Przypomnijmy, 23 stycznia około godz. 18:40 do służb ratunkowych dotarło zgłoszenie o zaginięciu mężczyzny, który wspólnie z kolegami przebywał w okolicach jazu na kanale Odry w Zwanowicach. Kilkudniowe poszukiwania przez nurków i specjalistyczny sprzęt strażacki nie przyniosły efektu (pisaliśmy o tym zdarzeniu TUTAJ).
Policja kontynuuje standardowe poszukiwania na lądzie. Po czterodniowych pracach strażaków na wodzie, akcja została zakończona ale brzeska grupa WOPR, postanowiła ją kontynuować.

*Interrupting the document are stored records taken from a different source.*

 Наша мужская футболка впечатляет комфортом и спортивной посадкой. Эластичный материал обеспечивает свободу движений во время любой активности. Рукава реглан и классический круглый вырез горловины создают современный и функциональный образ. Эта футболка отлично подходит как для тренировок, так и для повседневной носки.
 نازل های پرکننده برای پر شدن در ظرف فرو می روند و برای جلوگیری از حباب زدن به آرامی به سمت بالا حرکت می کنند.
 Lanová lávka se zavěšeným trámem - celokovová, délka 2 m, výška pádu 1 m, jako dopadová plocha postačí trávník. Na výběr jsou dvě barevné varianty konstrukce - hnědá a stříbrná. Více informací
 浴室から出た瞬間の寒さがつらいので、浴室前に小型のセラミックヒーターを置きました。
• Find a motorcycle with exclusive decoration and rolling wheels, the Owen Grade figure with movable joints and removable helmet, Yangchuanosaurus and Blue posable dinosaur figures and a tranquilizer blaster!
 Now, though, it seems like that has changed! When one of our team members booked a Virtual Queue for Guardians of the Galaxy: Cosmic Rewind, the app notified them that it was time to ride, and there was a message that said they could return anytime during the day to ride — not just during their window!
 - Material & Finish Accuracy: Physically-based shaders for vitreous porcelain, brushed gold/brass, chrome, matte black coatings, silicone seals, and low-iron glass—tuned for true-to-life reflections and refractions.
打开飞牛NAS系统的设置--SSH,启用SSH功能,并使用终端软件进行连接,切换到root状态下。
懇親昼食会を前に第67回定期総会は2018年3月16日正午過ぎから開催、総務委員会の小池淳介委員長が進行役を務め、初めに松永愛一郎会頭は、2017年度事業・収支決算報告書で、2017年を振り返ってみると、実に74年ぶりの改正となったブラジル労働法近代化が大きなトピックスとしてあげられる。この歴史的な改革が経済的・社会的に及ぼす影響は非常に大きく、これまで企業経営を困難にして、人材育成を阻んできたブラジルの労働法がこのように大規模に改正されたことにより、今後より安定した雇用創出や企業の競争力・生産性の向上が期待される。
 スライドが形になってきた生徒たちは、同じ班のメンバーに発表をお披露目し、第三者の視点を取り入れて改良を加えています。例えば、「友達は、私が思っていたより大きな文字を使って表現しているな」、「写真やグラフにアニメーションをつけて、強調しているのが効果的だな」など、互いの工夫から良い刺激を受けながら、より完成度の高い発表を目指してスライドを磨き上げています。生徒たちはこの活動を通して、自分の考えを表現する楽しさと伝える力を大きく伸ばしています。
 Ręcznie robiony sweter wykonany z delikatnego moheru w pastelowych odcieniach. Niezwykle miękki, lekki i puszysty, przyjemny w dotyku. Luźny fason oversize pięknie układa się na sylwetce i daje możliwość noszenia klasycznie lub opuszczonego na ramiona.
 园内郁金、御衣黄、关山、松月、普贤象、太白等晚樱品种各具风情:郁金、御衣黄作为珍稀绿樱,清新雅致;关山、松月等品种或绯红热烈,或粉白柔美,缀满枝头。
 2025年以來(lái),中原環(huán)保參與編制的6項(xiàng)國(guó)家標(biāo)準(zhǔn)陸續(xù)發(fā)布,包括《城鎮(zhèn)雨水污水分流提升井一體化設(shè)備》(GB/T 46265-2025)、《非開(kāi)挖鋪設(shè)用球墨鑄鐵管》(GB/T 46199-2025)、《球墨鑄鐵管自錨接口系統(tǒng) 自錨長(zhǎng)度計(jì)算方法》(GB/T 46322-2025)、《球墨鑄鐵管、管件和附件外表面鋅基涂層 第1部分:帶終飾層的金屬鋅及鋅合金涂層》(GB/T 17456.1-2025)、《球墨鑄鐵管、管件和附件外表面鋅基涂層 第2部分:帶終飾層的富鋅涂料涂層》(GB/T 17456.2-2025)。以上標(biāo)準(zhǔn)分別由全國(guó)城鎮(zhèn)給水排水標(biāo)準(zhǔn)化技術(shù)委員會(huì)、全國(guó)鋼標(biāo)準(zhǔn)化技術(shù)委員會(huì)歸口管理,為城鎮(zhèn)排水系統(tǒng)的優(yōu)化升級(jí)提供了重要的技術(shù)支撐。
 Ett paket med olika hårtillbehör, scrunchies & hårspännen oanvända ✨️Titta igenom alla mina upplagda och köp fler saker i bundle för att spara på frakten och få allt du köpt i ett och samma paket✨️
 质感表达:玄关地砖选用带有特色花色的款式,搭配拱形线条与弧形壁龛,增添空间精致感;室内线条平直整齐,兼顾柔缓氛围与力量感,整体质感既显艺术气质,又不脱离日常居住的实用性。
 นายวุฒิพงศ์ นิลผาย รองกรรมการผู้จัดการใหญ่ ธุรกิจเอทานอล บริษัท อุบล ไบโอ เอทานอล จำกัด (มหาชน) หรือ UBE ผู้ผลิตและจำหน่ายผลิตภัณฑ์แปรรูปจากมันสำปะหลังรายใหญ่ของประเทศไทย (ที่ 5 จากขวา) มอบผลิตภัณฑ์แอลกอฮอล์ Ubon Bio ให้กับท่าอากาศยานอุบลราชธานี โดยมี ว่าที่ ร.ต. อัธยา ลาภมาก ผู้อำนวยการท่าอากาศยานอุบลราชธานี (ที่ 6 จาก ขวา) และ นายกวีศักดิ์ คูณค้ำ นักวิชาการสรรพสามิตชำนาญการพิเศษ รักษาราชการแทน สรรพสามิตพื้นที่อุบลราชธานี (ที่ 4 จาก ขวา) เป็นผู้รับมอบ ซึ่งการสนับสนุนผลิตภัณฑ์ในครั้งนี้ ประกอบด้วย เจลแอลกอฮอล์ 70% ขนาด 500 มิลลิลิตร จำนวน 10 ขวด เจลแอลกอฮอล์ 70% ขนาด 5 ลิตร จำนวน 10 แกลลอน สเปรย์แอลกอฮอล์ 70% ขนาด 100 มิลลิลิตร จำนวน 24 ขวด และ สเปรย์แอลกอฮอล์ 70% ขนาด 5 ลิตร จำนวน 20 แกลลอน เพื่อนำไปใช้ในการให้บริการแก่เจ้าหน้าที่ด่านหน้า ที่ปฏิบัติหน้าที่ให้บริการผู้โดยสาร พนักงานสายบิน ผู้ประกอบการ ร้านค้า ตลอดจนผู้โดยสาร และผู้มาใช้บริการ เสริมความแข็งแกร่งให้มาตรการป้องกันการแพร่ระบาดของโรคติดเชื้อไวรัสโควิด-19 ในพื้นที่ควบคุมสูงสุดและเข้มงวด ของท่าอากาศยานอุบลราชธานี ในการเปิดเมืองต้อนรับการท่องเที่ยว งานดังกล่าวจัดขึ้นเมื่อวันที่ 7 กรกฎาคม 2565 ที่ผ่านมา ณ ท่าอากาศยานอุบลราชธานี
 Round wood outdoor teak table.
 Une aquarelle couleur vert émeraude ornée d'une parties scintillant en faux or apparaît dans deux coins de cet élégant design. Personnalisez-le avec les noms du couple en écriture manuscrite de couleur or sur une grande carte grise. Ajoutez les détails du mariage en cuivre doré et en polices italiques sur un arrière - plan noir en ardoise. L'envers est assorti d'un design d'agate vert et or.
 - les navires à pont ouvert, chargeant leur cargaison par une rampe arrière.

– Chcemy być spokojniejsi dlatego postanowiliśmy sprawdzić przybrzeżne tereny koryta Odry i jeszcze raz kanał rzeki w Zwanowicach – mówi Janusz Głowik, szef brzeskiego WOPR-u. Szybko ucina nasze spekulacje o warunkach pogodowych – Nam nie przeszkadzają. Składaliśmy przyrzeczenie i będziemy pomagać bez względu na porę dnia czy porę roku.
Dzisiejsze poszukiwania zostały zainicjowane przez samych ochotników.